With $$x=1$$ we evaluate $$y$$: $y=(1)^2=1$ To classify this critical point, we evaluate $(\frac{\partial^2 z}{\partial x^2})(\frac{\partial^2z}{\partial y^2})-(\frac{\partial^2z}{\partial x\partial y})^2\;\;\;\mbox{at}\;\;\;(x,y)=(1,1)$ $(6\cdot1)(6\cdot1)-(-3)^2=36-9>0$ Since $\frac{\partial^2 z}{\partial x^2}=6>0\;\;\;\mbox{at}\;\;\;(x,y)=(1,1)$ then $$(1,1)$$ is indeed a relative minimum.
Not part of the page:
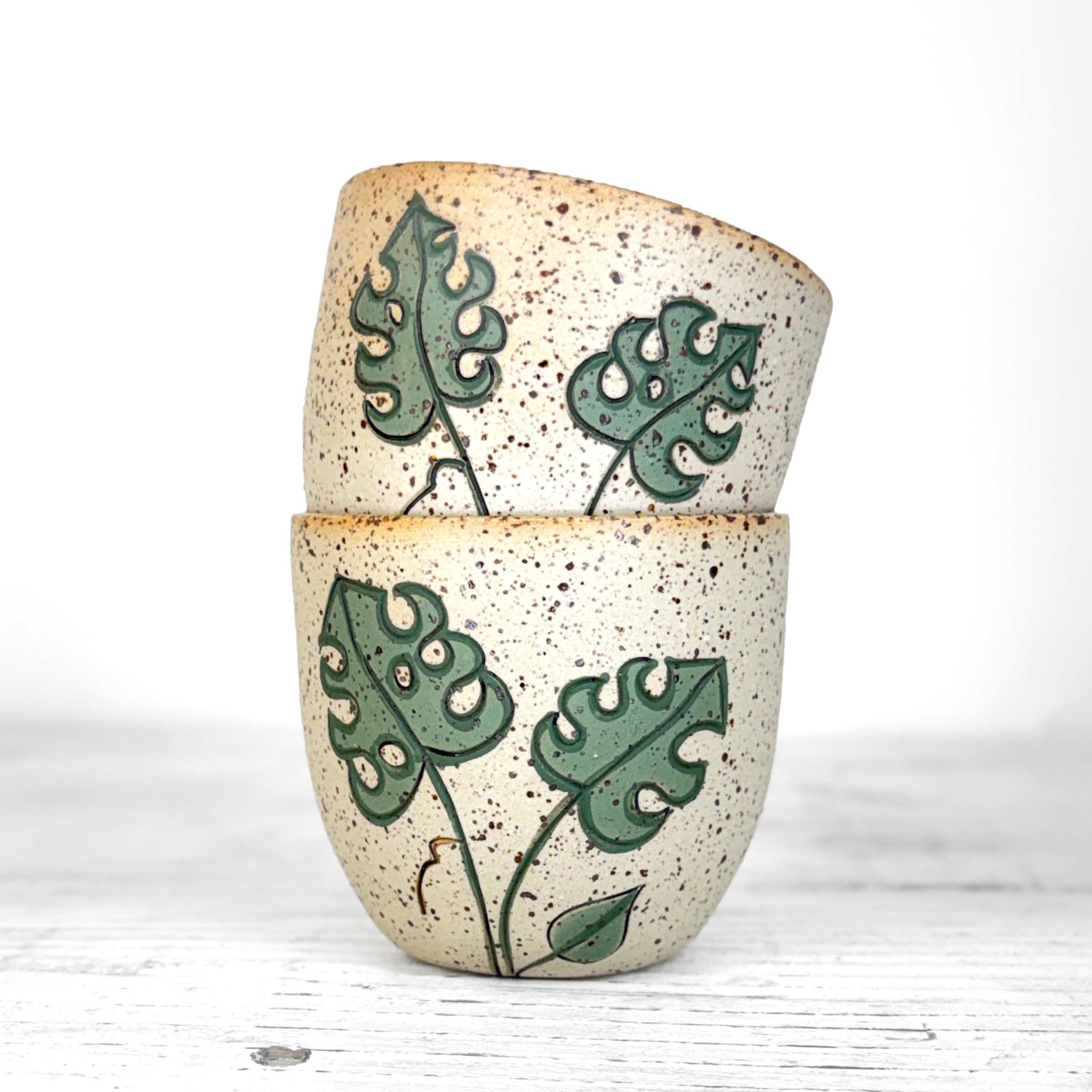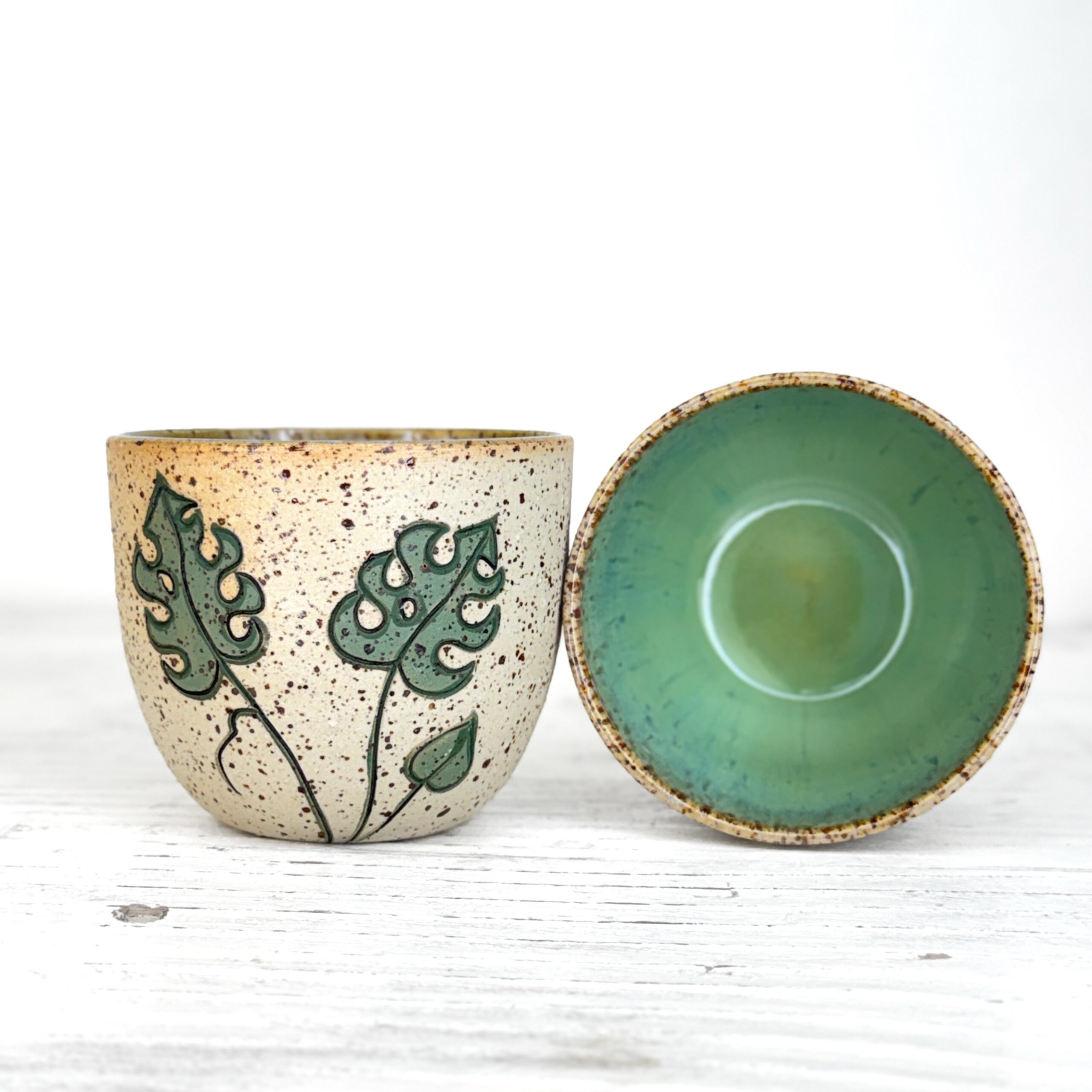Tento kalíšek je ručně vytočený na hrnčířském kruhu z pigmentované kameniny a vypalovaný při vysokých teplotách v elektrické peci. Jemné odchylky v tvaru a rozměrech jsou přirozeným výsledkem ruční výroby.

1. First show the boundary conditions to be satisfied: \begin{align*} T(t,0)&=T_a+\theta_0e^{-0/d}\cos(\omega t-0/d) \\ &=T_a+\theta_0\cos\omega t \\ T(t,\infty)&=T_a+\theta_0e^{-\infty/d}\cos(\omega t-\infty/d) \\ &=T_a+0 \\ &=T_a \end{align*} Now show that the diffusion equation is satisfied:

\begin{align*} \frac{\partial T}{\partial t}&=-\theta_0e^{-z/d}\omega \sin(\omega t-z/d) \\ \frac{\partial T}{\partial z}&=-\frac{1}{d}\theta_0e^{-z/d}\cos(\omega t-z/d)-\theta_0e^{-z/d}(-\frac{1}{d})\sin(\omega t-z/d) \\ &=\frac{\theta_0e^{-z/d}}{d}[\sin(\omega t-z/d)-\cos(\omega t-z/d)] \\ \frac{\partial^2 T}{\partial z^2}&=(-\frac{1}{d})\frac{\theta_0}{d}e^{-z/d}[\sin(\omega t-z/d)-\cos(\omega t-z/d)] \\ &-(\frac{1}{d})\frac{\theta_0}{d}e^{-z/d}[\cos(\omega t-z/d)+\sin(\omega t-z/d)] \\ &=-\frac{2\theta_0}{d^2}e^{-z/d}\sin(\omega t-z/d) \end{align*} Substituting into the diffusion equation: $-\theta_0e^{-z/d}\omega \sin(\omega t-z/d)=-a\frac{2\theta_0}{d^2}e^{-z/d}\sin({\omega t-z/d})$ The equation is certainly true when $$\sin(\omega t-z/d)=0$$. Now assume that $$\sin(\omega t-z/d)\not=0$$ and divide both sides by $$-\theta_0e^{-z/d}\sin(\omega t-z/d$$: $\omega = 2a/d^2$ Substituting for $$d$$, we obtain $\omega = 2a/[(2a/\omega)^{1/2}]^2=\omega$ Thus the equation is indeed satisfied.